== WHAT IS EXPECTED ==
The records that follow are to be transcribed in full, without their images.

== DATA SUPPLIED ==
※

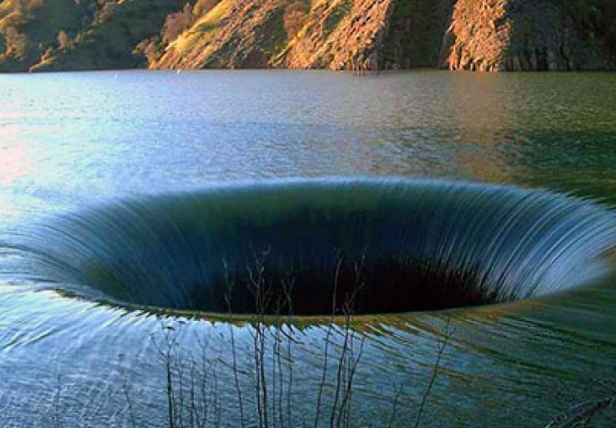 Ovo je jezero Berryessa u Kaliforniji i odvod kontrolira razinu vode u jezeru. Ovaj odvod toliko je velik da može da proguta kuću. Širok je 70 metara i dubok je gotovo 300 metara.
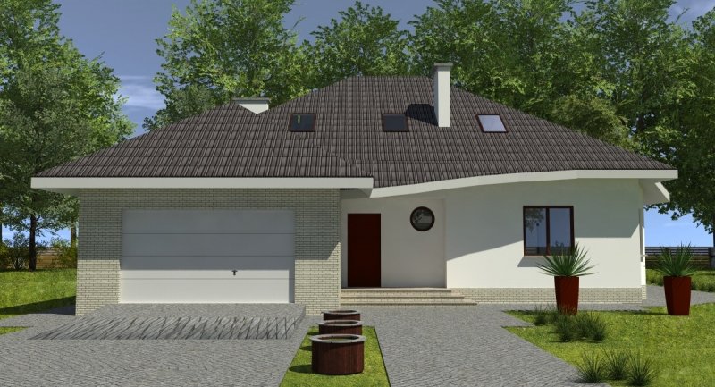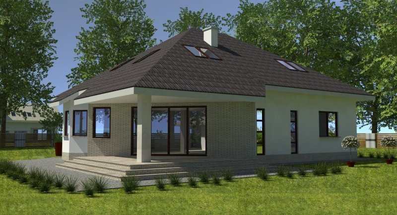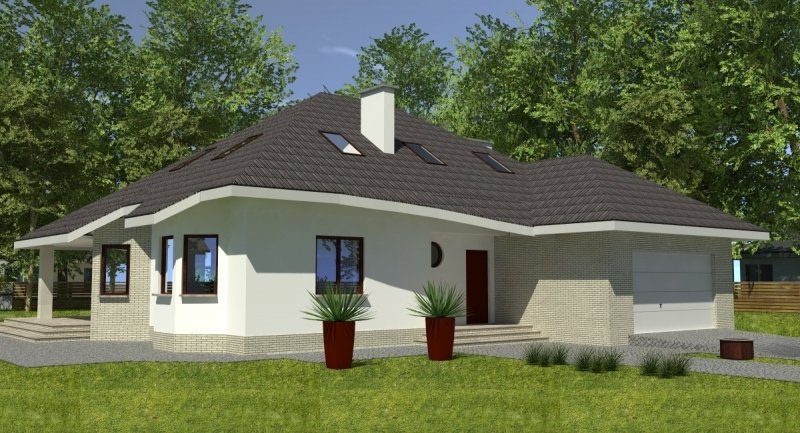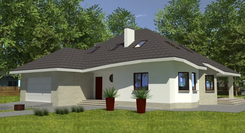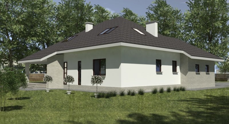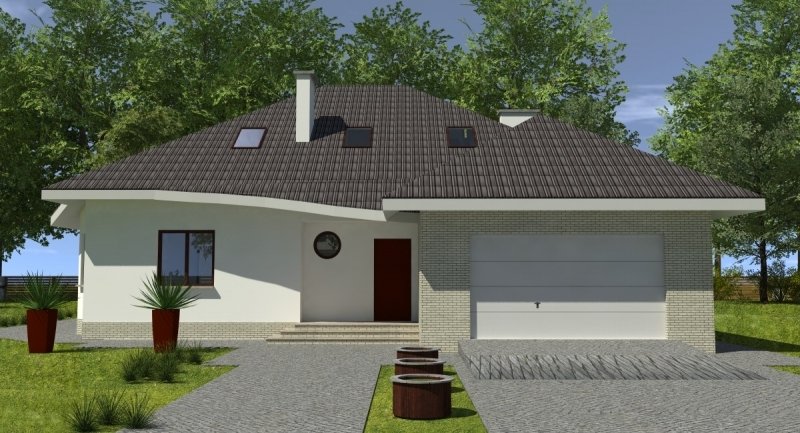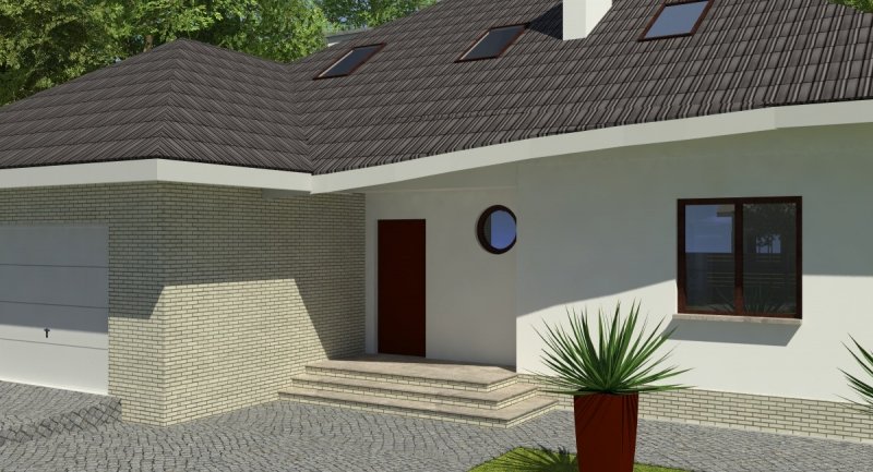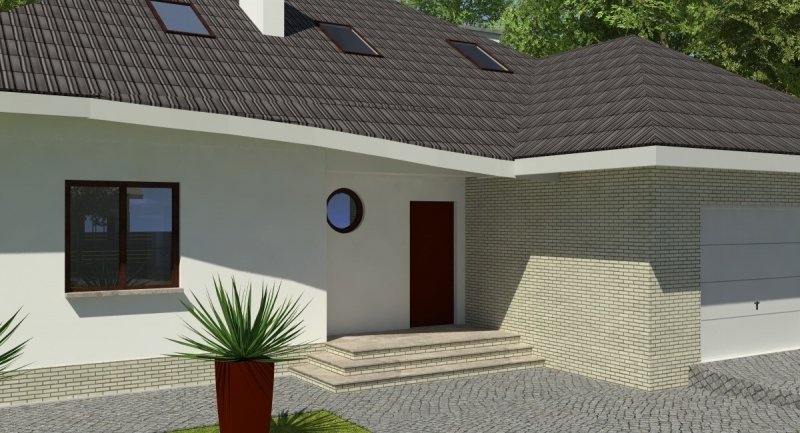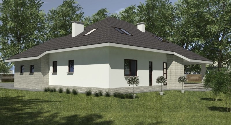 Projekt popularny wśród inwestorów z uwagi na bogaty program funkcjonalny wnętrza i mało skomplikowaną bryłę budynku, co wiąże się bezpośrednio z niewielkimi kosztami realizacji odnosząc się do m2 powierzchni użytkowej. Cechą wyróżniającą ten dom spośród innych jest ścięty narożnik części domu od strony pokoju dziennego, który powoduje że dom pasuje do nietypowych działek. Z salonu na taras prowadzą szerokie, czteroskrzydłowe drzwi balkonowe. Sam taras jest zadaszony przez wysuniętą konstrukcję dachu podpartą solidnym słupem. Na parterze wydzielono z dostępem od pokoju dziennego pomieszczenie przeznaczone do oglądania TV/kino domowe. Na parterze zlokalizowano także sypialnie z własną łazienka i garderobą która może służyć jako pokój gościnny. Na poddaszu znajdują się duże sypialnie z własnymi garderobami. Schody wewnętrzne zaprojektowano jako trzybiegowe ze spocznikami i stanowią nieodzowny element wnętrza w dość dużej jak przystało na dom tej klasy klatce schodowej. Dom posiada wygodny garaż na dwa samochody osobowe. Projekt jest dostępny z podpiwniczeniem lub bez podpiwniczenia.
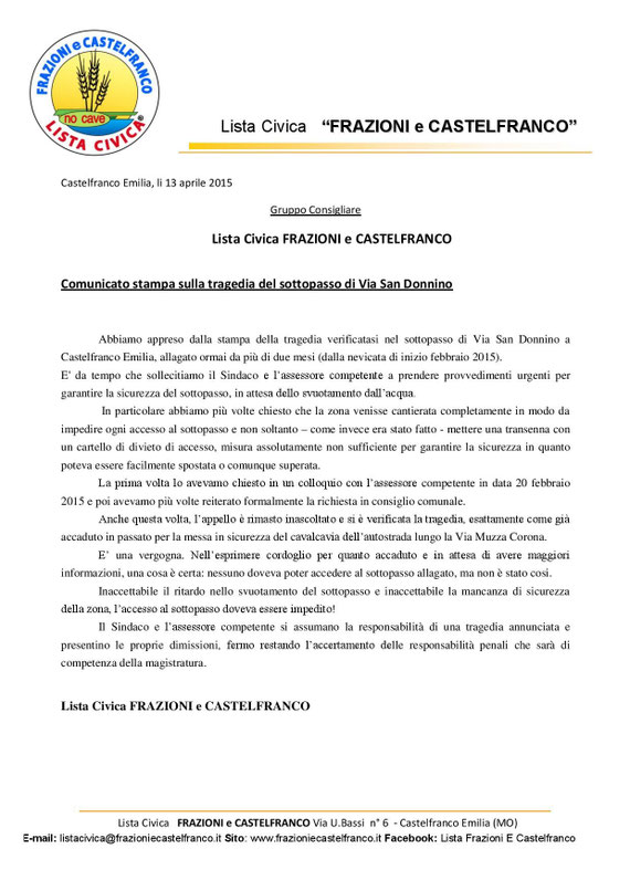 13. aprile 2015 TRAGEDIA NEL SOTTOPASSO DI VIA SAN DONNINO - COMUNICATO STAMPA tagPlaceholderTag: Scrivi commento Commenti: 0
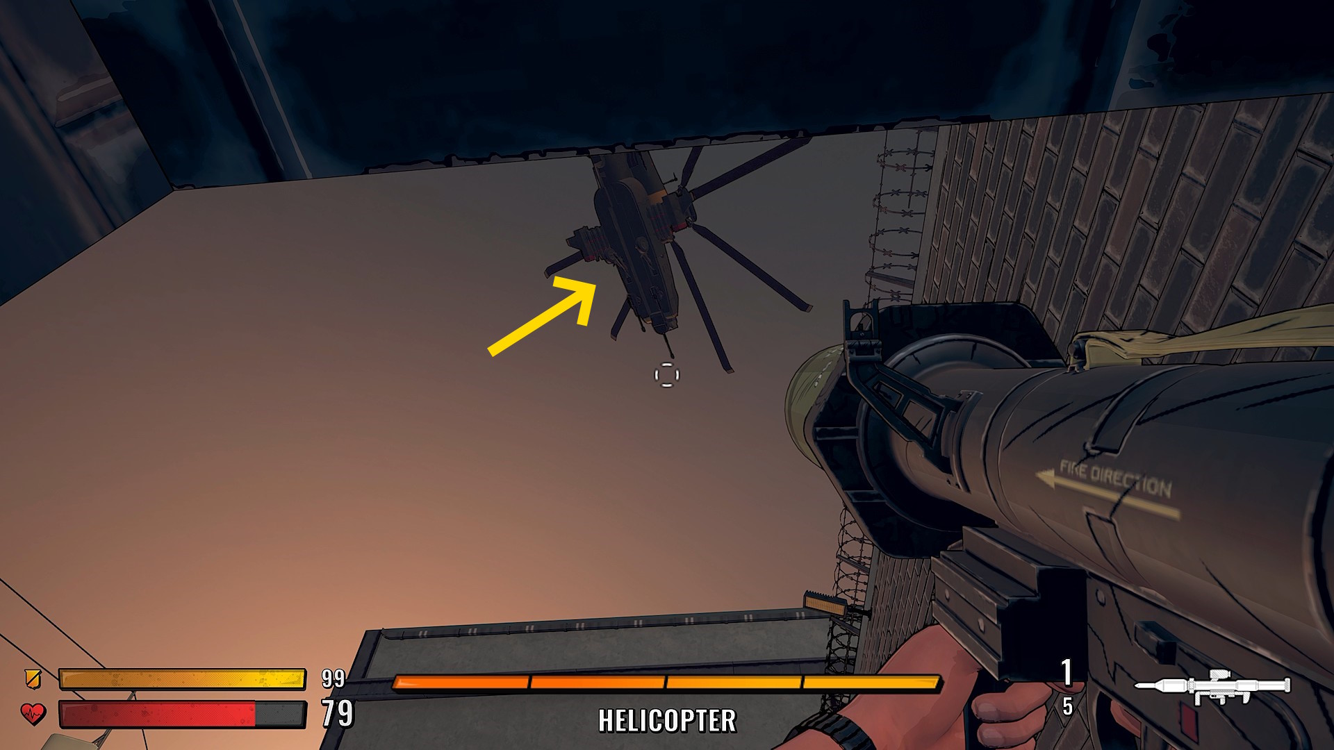 - 少し待つとヘリコプターが頭上で旋回を始める。こちらには一切攻撃してこないのでバズーカで攻撃
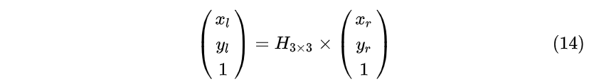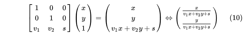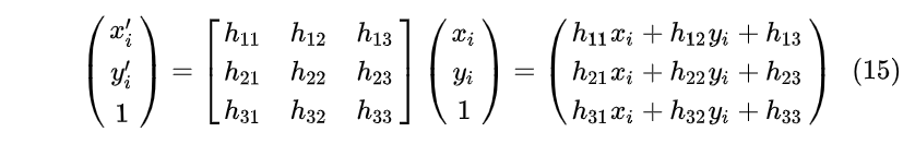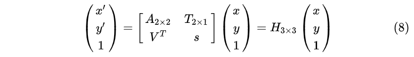 由平面坐标与齐次坐标对应关系 ,上式可以表示为:
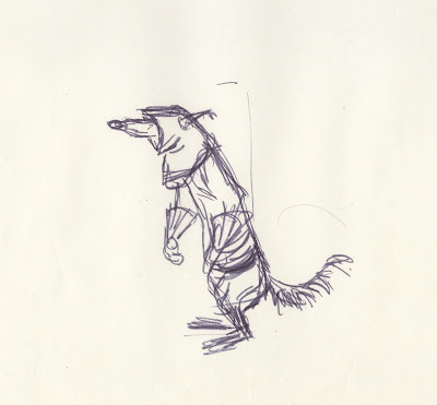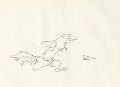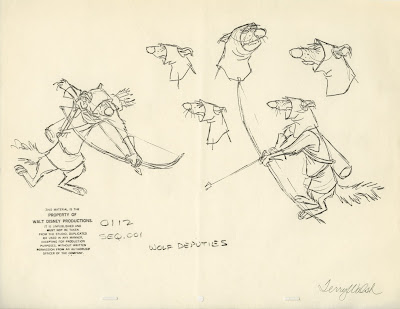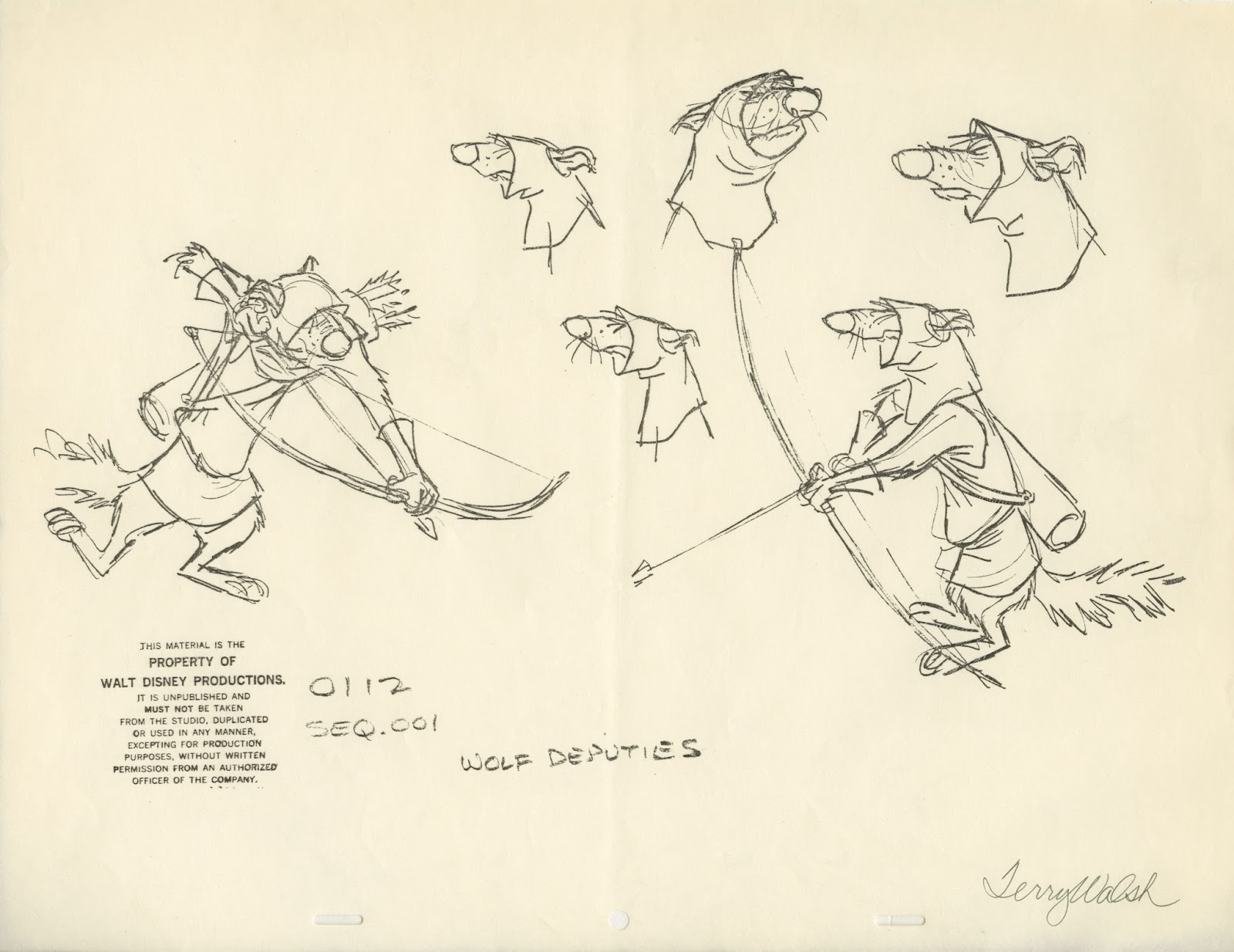 A while ago I posted a few sheets with rough drawings by John Lounsbery showing his early design approach for the henchmen wolves from Robin Hood.

※

== SOLUTION TO THE EXERCISE ==
 Ovo je jezero Berryessa u Kaliforniji i odvod kontrolira razinu vode u jezeru. Ovaj odvod toliko je velik da može da proguta kuću. Širok je 70 metara i dubok je gotovo 300 metara.
 Projekt popularny wśród inwestorów z uwagi na bogaty program funkcjonalny wnętrza i mało skomplikowaną bryłę budynku, co wiąże się bezpośrednio z niewielkimi kosztami realizacji odnosząc się do m2 powierzchni użytkowej. Cechą wyróżniającą ten dom spośród innych jest ścięty narożnik części domu od strony pokoju dziennego, który powoduje że dom pasuje do nietypowych działek. Z salonu na taras prowadzą szerokie, czteroskrzydłowe drzwi balkonowe. Sam taras jest zadaszony przez wysuniętą konstrukcję dachu podpartą solidnym słupem. Na parterze wydzielono z dostępem od pokoju dziennego pomieszczenie przeznaczone do oglądania TV/kino domowe. Na parterze zlokalizowano także sypialnie z własną łazienka i garderobą która może służyć jako pokój gościnny. Na poddaszu znajdują się duże sypialnie z własnymi garderobami. Schody wewnętrzne zaprojektowano jako trzybiegowe ze spocznikami i stanowią nieodzowny element wnętrza w dość dużej jak przystało na dom tej klasy klatce schodowej. Dom posiada wygodny garaż na dwa samochody osobowe. Projekt jest dostępny z podpiwniczeniem lub bez podpiwniczenia.
 13. aprile 2015 TRAGEDIA NEL SOTTOPASSO DI VIA SAN DONNINO - COMUNICATO STAMPA tagPlaceholderTag: Scrivi commento Commenti: 0
 - 少し待つとヘリコプターが頭上で旋回を始める。こちらには一切攻撃してこないのでバズーカで攻撃
 由平面坐标与齐次坐标对应关系 ,上式可以表示为:
 A while ago I posted a few sheets with rough drawings by John Lounsbery showing his early design approach for the henchmen wolves from Robin Hood.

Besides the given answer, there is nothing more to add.